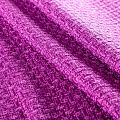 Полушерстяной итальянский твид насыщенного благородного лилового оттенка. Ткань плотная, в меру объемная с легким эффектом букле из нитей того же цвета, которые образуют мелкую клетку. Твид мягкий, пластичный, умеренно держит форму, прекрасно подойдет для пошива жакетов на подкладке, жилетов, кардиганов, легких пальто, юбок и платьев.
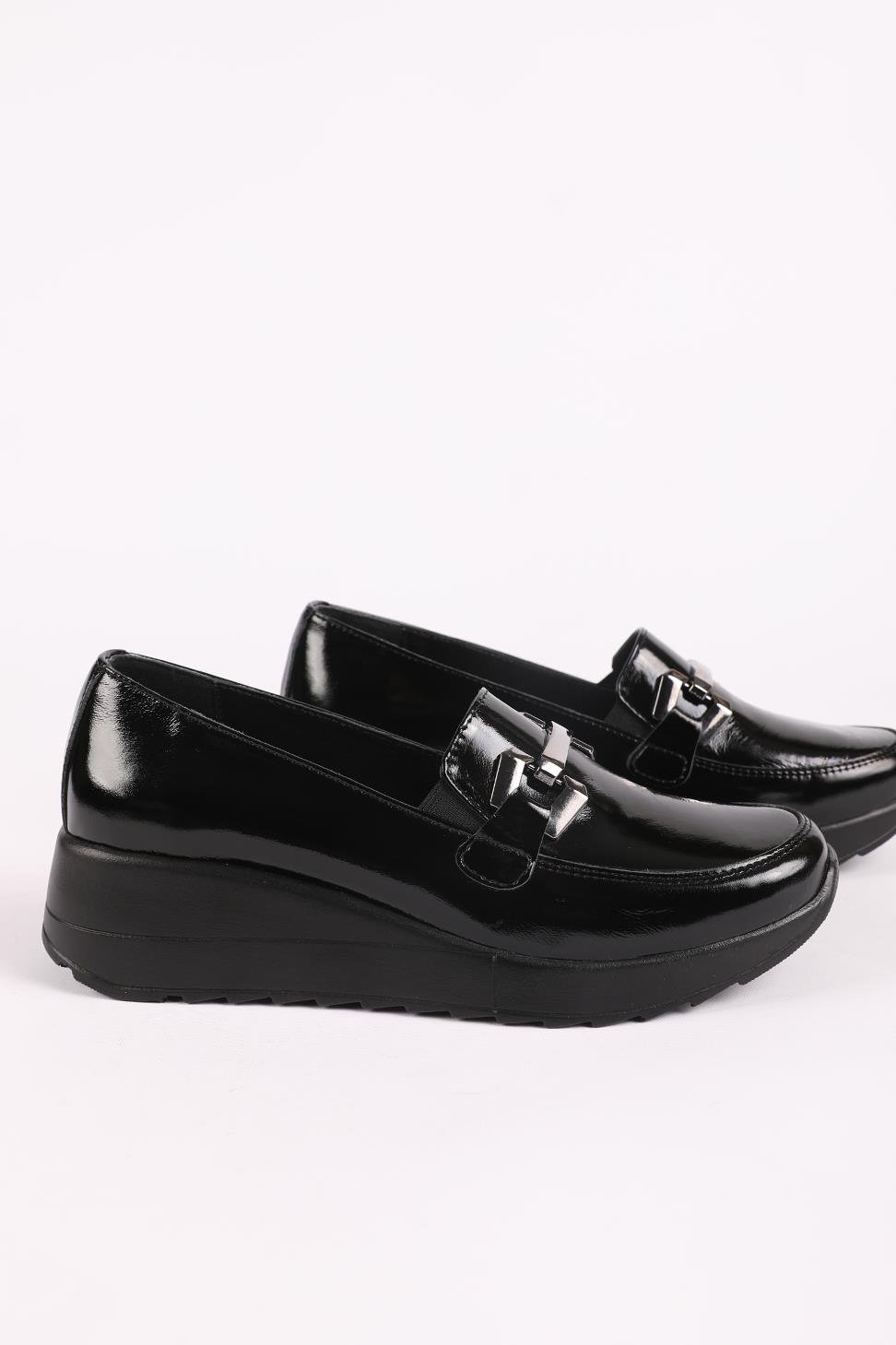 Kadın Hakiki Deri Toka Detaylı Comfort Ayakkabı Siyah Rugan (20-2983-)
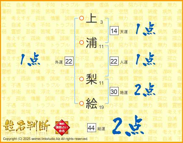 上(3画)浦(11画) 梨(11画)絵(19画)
--------
**Assignment:**
Look above for the line containing "Kadın Hakiki Deri"; output that line and all lines after it through the last one exactly, without the pictures.

**Solution to this exercise:**
 Kadın Hakiki Deri Toka Detaylı Comfort Ayakkabı Siyah Rugan (20-2983-)
 上(3画)浦(11画) 梨(11画)絵(19画)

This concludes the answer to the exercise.